Bill Clinton, Brand Manager.

17th November 2014

The old dog has not forgot his old, winning tricks.

Unlike George W. Bush, who is busy still-life painting in Crawford, Texas, Bill Clinton was not seduced into a life of leisure (golfing, one suspects, would have been his thing) after leaving office in 2000.

I have been watching him talk some days back to a group of the converted, about the Democrats’ drubbing in the November 2014 mid-terms.

My first focus was on the man himself: how frail he seems, how his loose-fitting jacket seems a proxy for his flagging health, how croaky his voice.

Most of the ‘data’ I was receiving suggested that he was quite exhausted, and might benefit from taking to the putting greens. Until I bothered to listen to what he was actually saying.

‘Measuring the psychic landscape of America has always been a challenge…and that’s probably a good thing’.

Clinton had just given cogent account of how the Democrats’ strategic planning had failed in the campaign.

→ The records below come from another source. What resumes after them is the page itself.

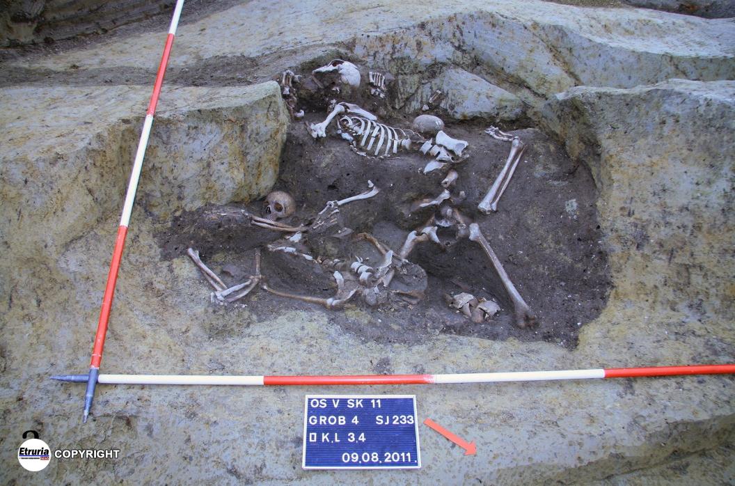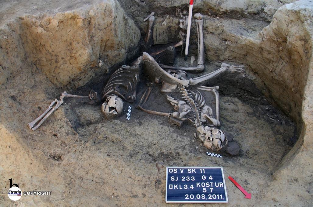 Fra i pochissimi materiali associati spicca una moneta coniata nel 251 d.C. a Viminacium, indizio cronologico che converge con le datazioni al radiocarbonio nel collocare l’episodio nella metà del III secolo.
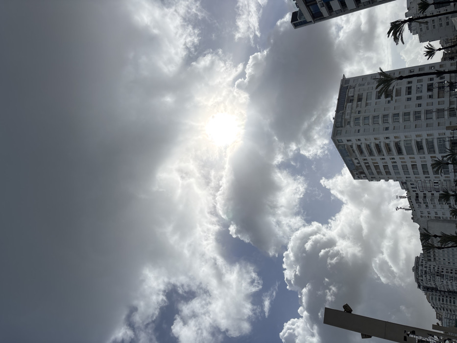 The image displays an upward-angled view of an urban environment in Tangier, Morocco, consistent with the architecture found along Boulevard Mohammed VI or similar coastal areas. The sky occupies approximately two-thirds of the frame, showing a dynamic mix of bright white cumulus clouds and darker grey stratocumulus formations. The sun is centrally positioned behind a partial cloud cover in the upper-middle, emitting a strong, bright light with visible rays. Patches of clear blue sky are visible between the clouds. In the lower third of the image, multiple multi-story buildings are visible. The most prominent structure is a tall, white building with numerous balconies and a flat roof, located in the right-center. To its left, a row of interconnected white buildings of varying heights extends across the lower-middle, featuring multiple windows and some rooftop equipment, including antennae. A large, angular, light-colored vertical structure, possibly a modern architectural element or a large lamppost, is partially visible on the far left. Several slender palm trees with dark fronds are interspersed among the buildings in the lower-middle and lower-right portions of the frame. No people, discernible subjects, explicit actions, or interactions are visible within the scene. The environment is urban and illuminated by natural daylight.
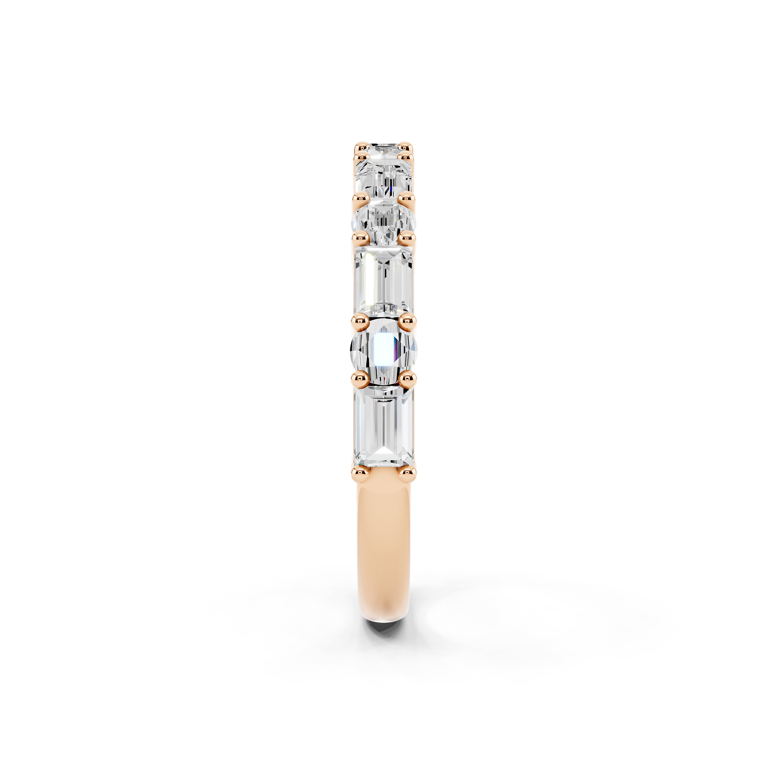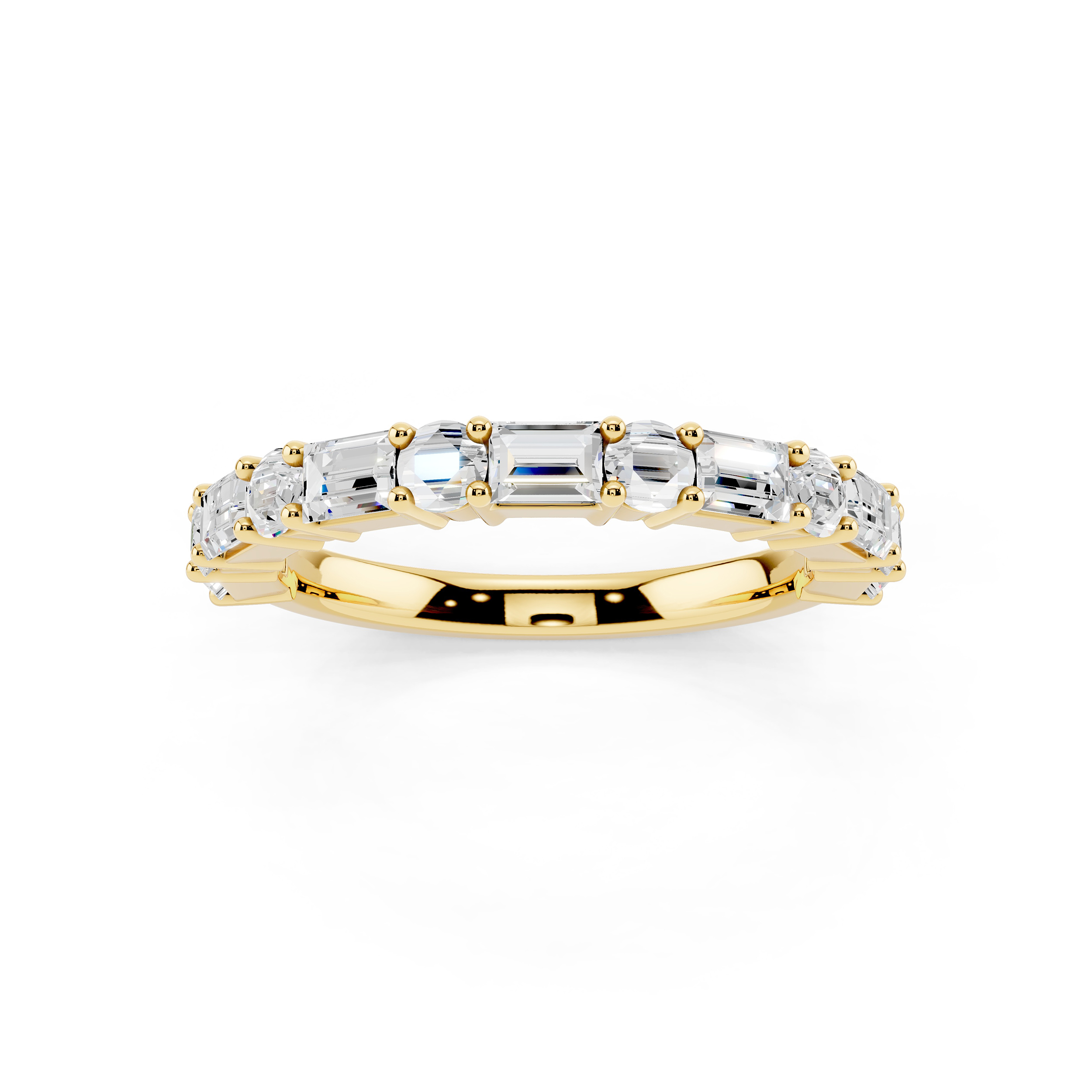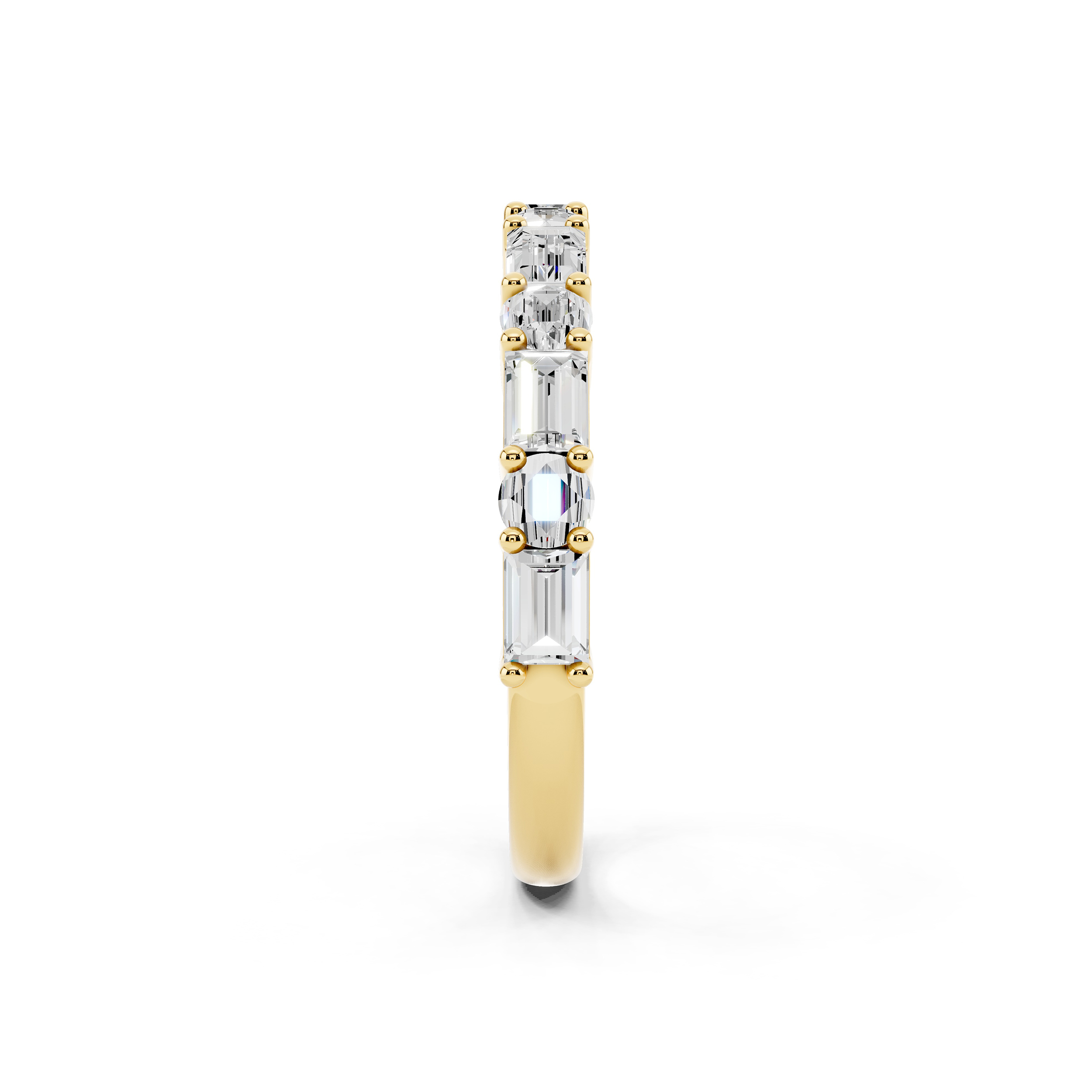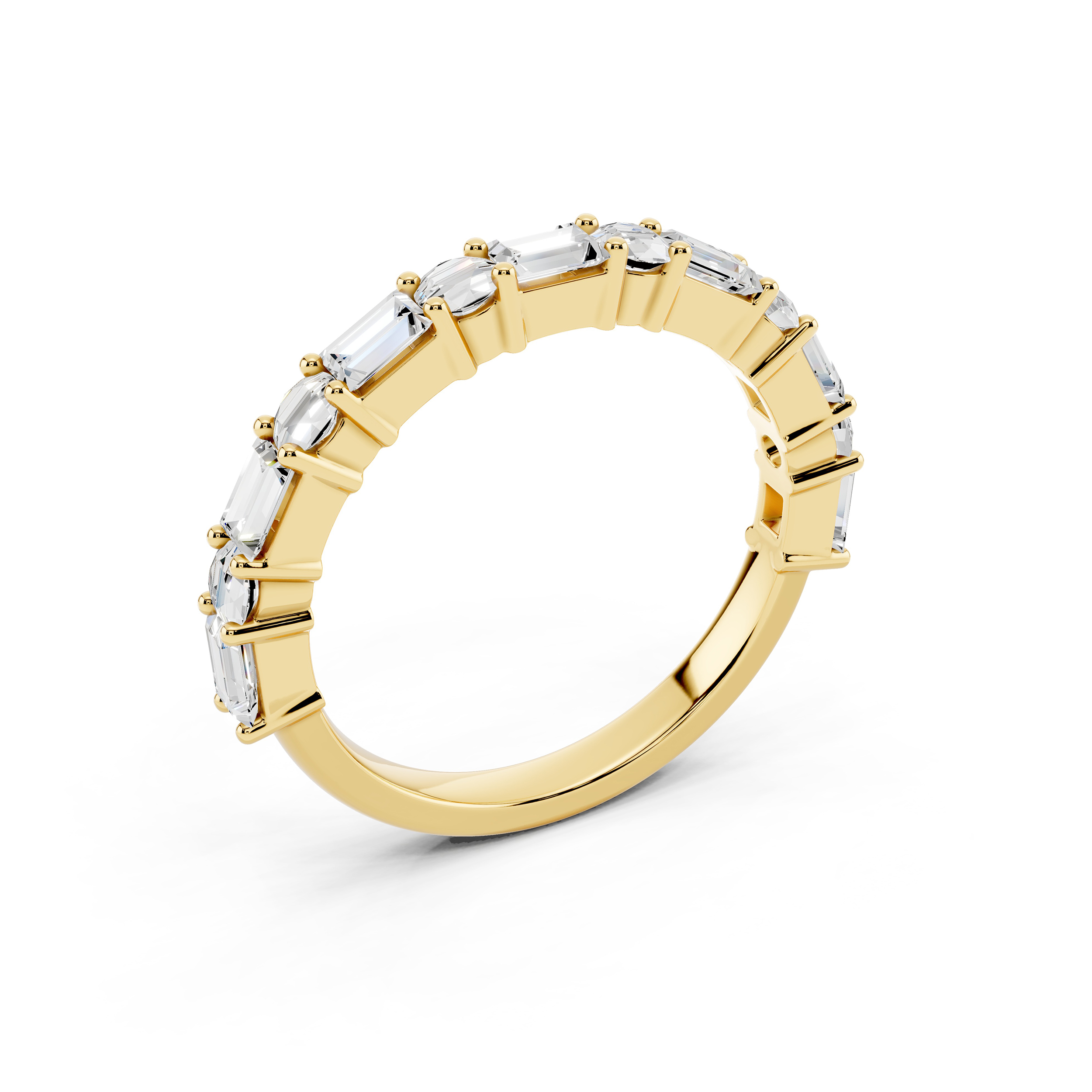 A graceful band featuring a series of vertically-set emerald-cut stones that exude quiet sophistication. Each stone is meticulously aligned for a sleek, modern look, offering a perfect blend of structure and sparkle. Ideal for stacking or standing alone as a refined statement.

What was striking was the manner of his analyses: forensic. Often by state, by race, and by candidate, he expanded upon his meta-theme: that voters have different communication needs at the beginning and at the end of campaigns. He concluded that candidates would be well served to pace their investments and messaging accordingly.

Politics, practiced correctly, is the masterful execution of tactics informed by strategy. It occurred to me that, for all the world, Clinton was doing the job of a brand manager. A rather senior and experienced brand manager.

That a man so long at the top has understood the detailed mechanisms by which his party both wins and loses is somehow inspirational. He is committed not only to broad brush vision; he can get down and dirty too.

It’s easy to get so caught up in running a business, that one can forget to stand back and figure out what exactly IS happening in the detail, and to fully own that explanation.

Bill Clinton’s comments are a reminder that true leadership lies not only in the visionary blue sky thinking, but also in the long-grass. Even the most celebrated golfer is responsible for walking into the rough, and retrieving his own ball.